_Data extract_:
....

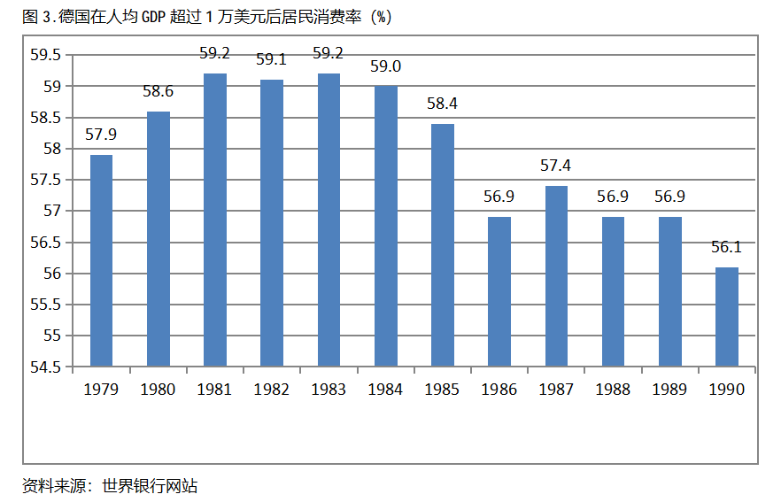 德國(guó)在人均GDP超過1萬美元后的12年期間,居民消費(fèi)率一直保持在56.0%以上,同時(shí)還呈現(xiàn)出先提高后回落總體穩(wěn)定的趨勢(shì)。德國(guó)在1979年人均GDP超過1萬美元,當(dāng)年居民消費(fèi)率為57.9%,1981年提高到59.2%,隨后又有所回落,1990年為56.1%,也就是說,德國(guó)在人均GDP超過1萬美元后的12年期間,居民消費(fèi)率由當(dāng)年的57.9%提高到1981年最高的59.2%,共提高了1.3個(gè)百分點(diǎn)。
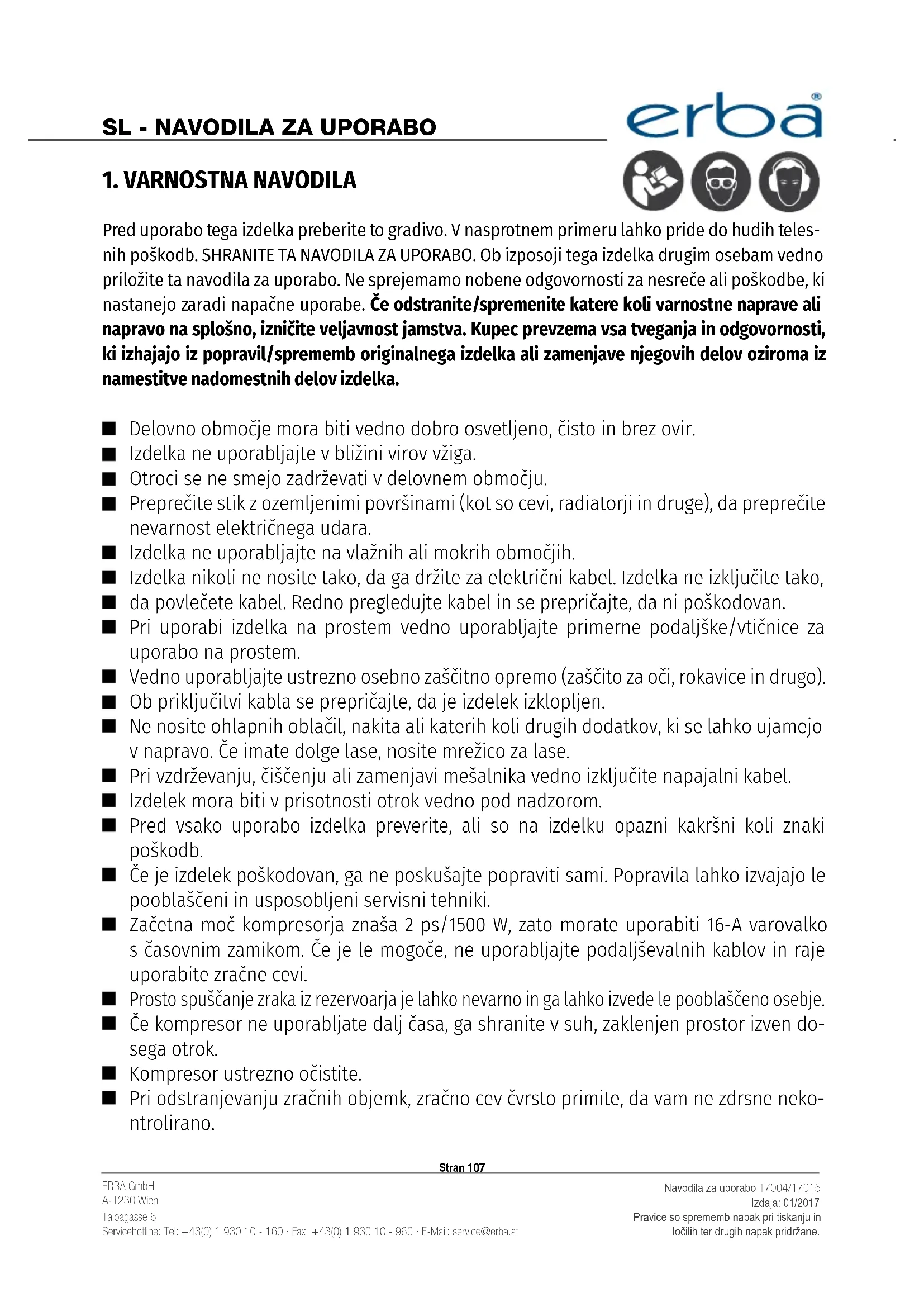Prenesite navodila za vaš Kompresor v formatu PDF brezplačno! Poiščite svoja navodila 17015 - Erba in vzemite svojo elektronsko napravo nazaj v roke. Na tej strani so objavljeni vsi dokumenti, potrebni za uporabo vaše naprave. 17015 znamke Erba.
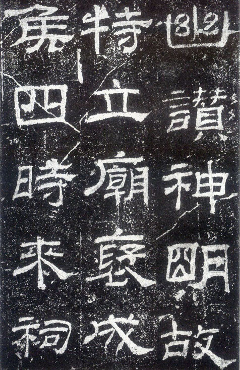 华山碑全称《西岳华山庙碑》,延熹四年(公元161 年)四月刻,此碑与《礼器碑》一样被誉为汉隶中典范,结字堂堂正正,字、行距齐整,波磔秀美。清代朱彝尊评此碑说:“汉隶凡三种,一种方整,一种流丽,一种奇古。惟延熹《华岳碑》正变乖合,靡所不有,兼三者之长,当为汉隶第一品。刘熙载也说:“汉碑萧散如韩敕、孔宙,严密如衡方、张迁,皆隶之盛也,若华山庙碑,磅礴郁积,流漓顿挫,意味尤不可穷极。”
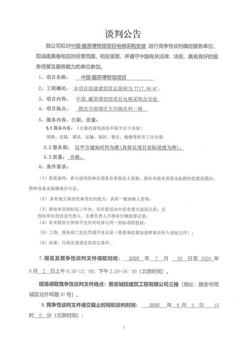 城投建工公司中國(guó)·藏茶博物館項(xiàng)目電梯采購(gòu)安裝競(jìng)爭(zhēng)性談判公告

....

From the first line to the last, copy the listing above exactly, dropping all images.

 德國(guó)在人均GDP超過1萬美元后的12年期間,居民消費(fèi)率一直保持在56.0%以上,同時(shí)還呈現(xiàn)出先提高后回落總體穩(wěn)定的趨勢(shì)。德國(guó)在1979年人均GDP超過1萬美元,當(dāng)年居民消費(fèi)率為57.9%,1981年提高到59.2%,隨后又有所回落,1990年為56.1%,也就是說,德國(guó)在人均GDP超過1萬美元后的12年期間,居民消費(fèi)率由當(dāng)年的57.9%提高到1981年最高的59.2%,共提高了1.3個(gè)百分點(diǎn)。
Prenesite navodila za vaš Kompresor v formatu PDF brezplačno! Poiščite svoja navodila 17015 - Erba in vzemite svojo elektronsko napravo nazaj v roke. Na tej strani so objavljeni vsi dokumenti, potrebni za uporabo vaše naprave. 17015 znamke Erba.
 华山碑全称《西岳华山庙碑》,延熹四年(公元161 年)四月刻,此碑与《礼器碑》一样被誉为汉隶中典范,结字堂堂正正,字、行距齐整,波磔秀美。清代朱彝尊评此碑说:“汉隶凡三种,一种方整,一种流丽,一种奇古。惟延熹《华岳碑》正变乖合,靡所不有,兼三者之长,当为汉隶第一品。刘熙载也说:“汉碑萧散如韩敕、孔宙,严密如衡方、张迁,皆隶之盛也,若华山庙碑,磅礴郁积,流漓顿挫,意味尤不可穷极。”
 城投建工公司中國(guó)·藏茶博物館項(xiàng)目電梯采購(gòu)安裝競(jìng)爭(zhēng)性談判公告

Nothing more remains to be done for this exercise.